On Sunday, with the turn of a lock, that adventure came to a close. It was a bittersweet ending.

“On Saturday, there were people lined up for an hour to buy things. The line extended down the ramp and on out to the gravel. It was people who have come to the winery for the last 20 years, people who had come once just to take a tour, friends of our family’s from when we lived in New York, strangers. It was very festive,” said Tim Mathiesen, one of six Mathiesen children, all of whom spent at least part of their lives working on the property, which spans roughly 50 acres across Oak Bluffs, Tisbury and West Tisbury.

Whether it was out in the fields among the grape vines, around the dinner table sampling and critiquing various wines or behind the cash register at the wine shop, every Mathiesen left a mark on Chicama Vineyards. In this tradition, the closing weekend was also a family affair. Mr. Mathiesen unpacked a box of wine goblets as his sister, Lynne Hoeft, stood behind the cash register tallying sales. His wife, Robin, poured wine for tastings and another sister, Kris McDermet, took stock of inventory.

shop
Visitors pour in for vineyards’ last days of sales. — M.C. Wallo

“We’re really very happy,” Mrs. McDermet said. She came to the Vineyard from her Vermont home to help her siblings close the shop down. “Mom and Dad had a long career, working into their 80s.” Her brother echoed the sentiment: “You know, yesterday people were coming up to us and saying, Isn’t this sad? But we don’t feel that way. It’s not something we’re going to miss. It’s all really positive stuff. It was a great gift we got from Mom and Dad. It’s a great thing that we’ve been able to provide to the Vineyard community for all these years and a great jumping off point for us for something new. It isn’t about leaving something behind.”

In the 1960s, the Mathiesen family — all eight of them — boarded a boat and sailed up the New England coastline.

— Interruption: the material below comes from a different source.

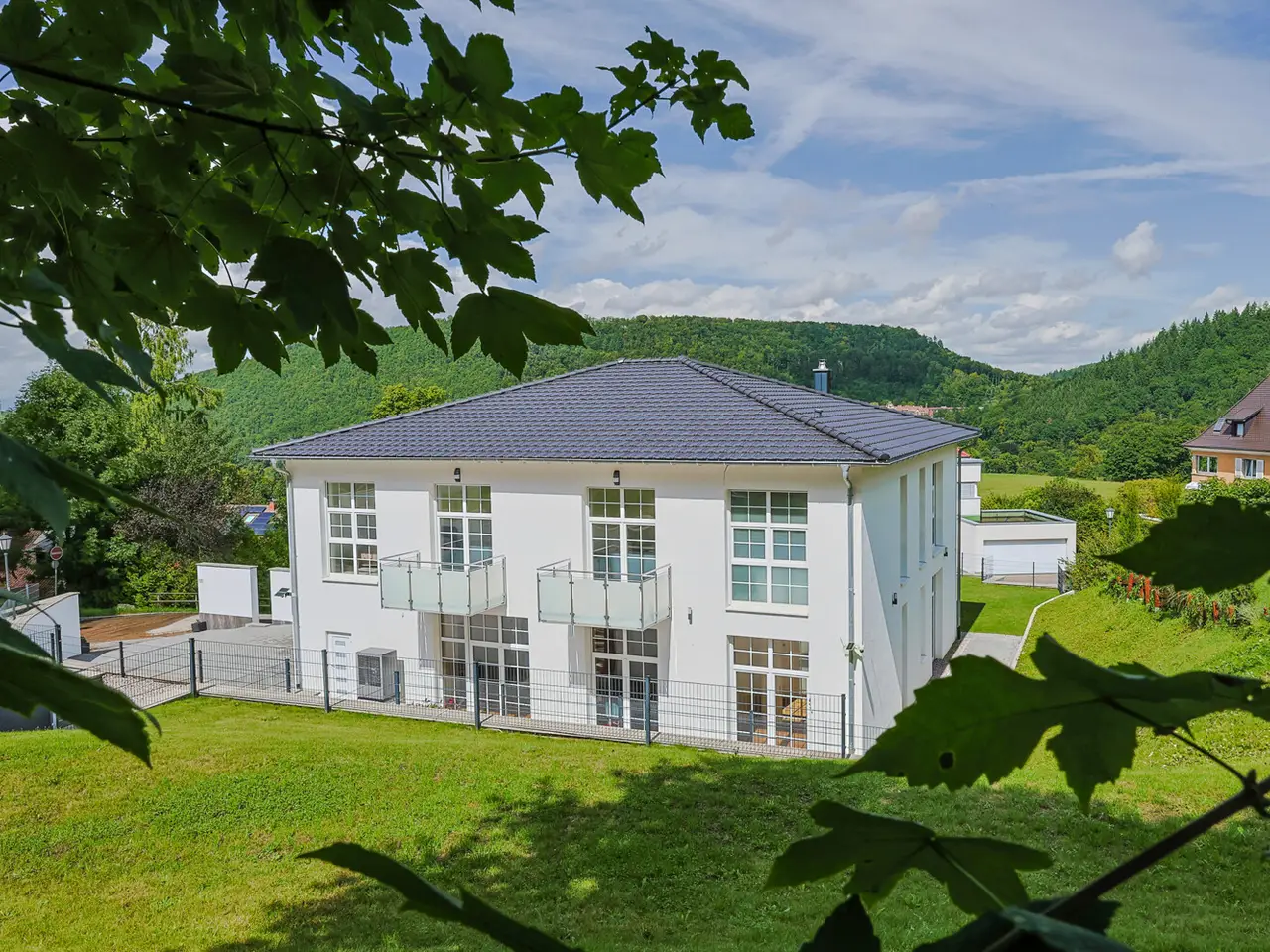 This impressive villa in the picturesque spa town of Badenweiler offers you an incomparable living experience on a living space of 340 m² and a spacious plot of 1592 m². A harmonious interplay of space and light unfolds over two floors. The eight rooms of this modern property invite you to realize your personal wishes and enjoy life to the full. The open-plan living area creates an inviting atmosphere, while two balconies allow you to enjoy the fresh air and the breathtaking natural surroundings of the villa. Another highlight of this villa is the cozy fireplace, which not only provides warmth, but also creates a cozy atmosphere on cold evenings. Security is a top priority here thanks to the alarm system, which gives you a reassuring feeling of security. This luxurious residential property is ideal for families or discerning couples looking for something special. The well thought-out north-facing orientation of this spacious plot guarantees a perfect balance of sun and shade. Especially in summer, you will always be woken by the sun in the bedrooms in the morning and can admire the sunset from the terrace or living room in the evening. Half of the house's spacious terrace provides shade, while the other half offers a sunny area for playing. In addition, the spacious rear plot provides a quiet retreat to enjoy the sun undisturbed.
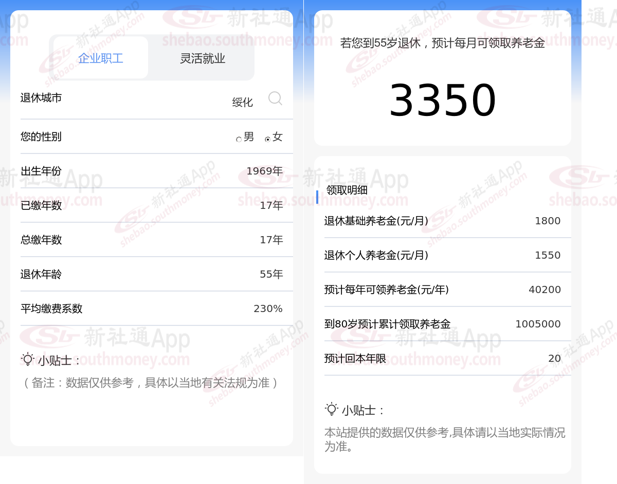 退休城市:黑龙江绥化,性别:女,出生年份:1969,总缴年数17年,缴费档次:230%,新社通app养老金计算器所得:

One stop was the Vineyard. It was love at first sight for Mr. Mathiesen, an assistant manager with the San Francisco company Westinghouse Broadcasting. Armed with a love of wine and a bit of moxie, he and his wife packed up their brood and moved to West Tisbury in 1971, to a piece of land with sandy soil and an unpredictable climate.

The couple obtained 20 years worth of weather records from Vineyard Gazette editor Henry Beetle Hough, planted six acres with grapes and three years later harvested their first crop. The next year, they began bottling wine and Chicama Vineyards became the first licensed winery in the commonwealth.

The Mathiesens were creative and dogged in their efforts. They grafted European grapevines with hardier American ones and sold items from bread to candy to make ends meet. In 1985, they petitioned the Bureau of Alcohol, Tobacco and Firearms to establish Martha’s Vineyard as a distinct viticultural area (a vineyard) and succeeded. “It’s really hard work,” Tim Mathiesen said Sunday as he sat outside in the shade and watched as customers and visitors came and went. “Farming is really hard work. If you’re growing corn, or soybeans, or green beans, it’s hard work. And with a winery, you’re running another business. To run a farm and make wine, it’s double the complications.”

Nevertheless, it was work the couple found rewarding. “It was their passion,” Mr. Mathiesen said. The passion was contagious and soon spread to their children and customers alike. “We all worked here off and on, sometimes in short stints, like Kris who would work here one week, two weeks, one weekend if something was going on. Mike, before he passed, was here 15 years. I did one stint for ten years, then left, then came back for another 12 year stint, then left, then did another one for a year. Sean came and went a few times. We all participated at different levels,” he said. Lynne Hoeft put in the most time. “For the first six years, I was here on and off and then in 1978, I went full time,” she said.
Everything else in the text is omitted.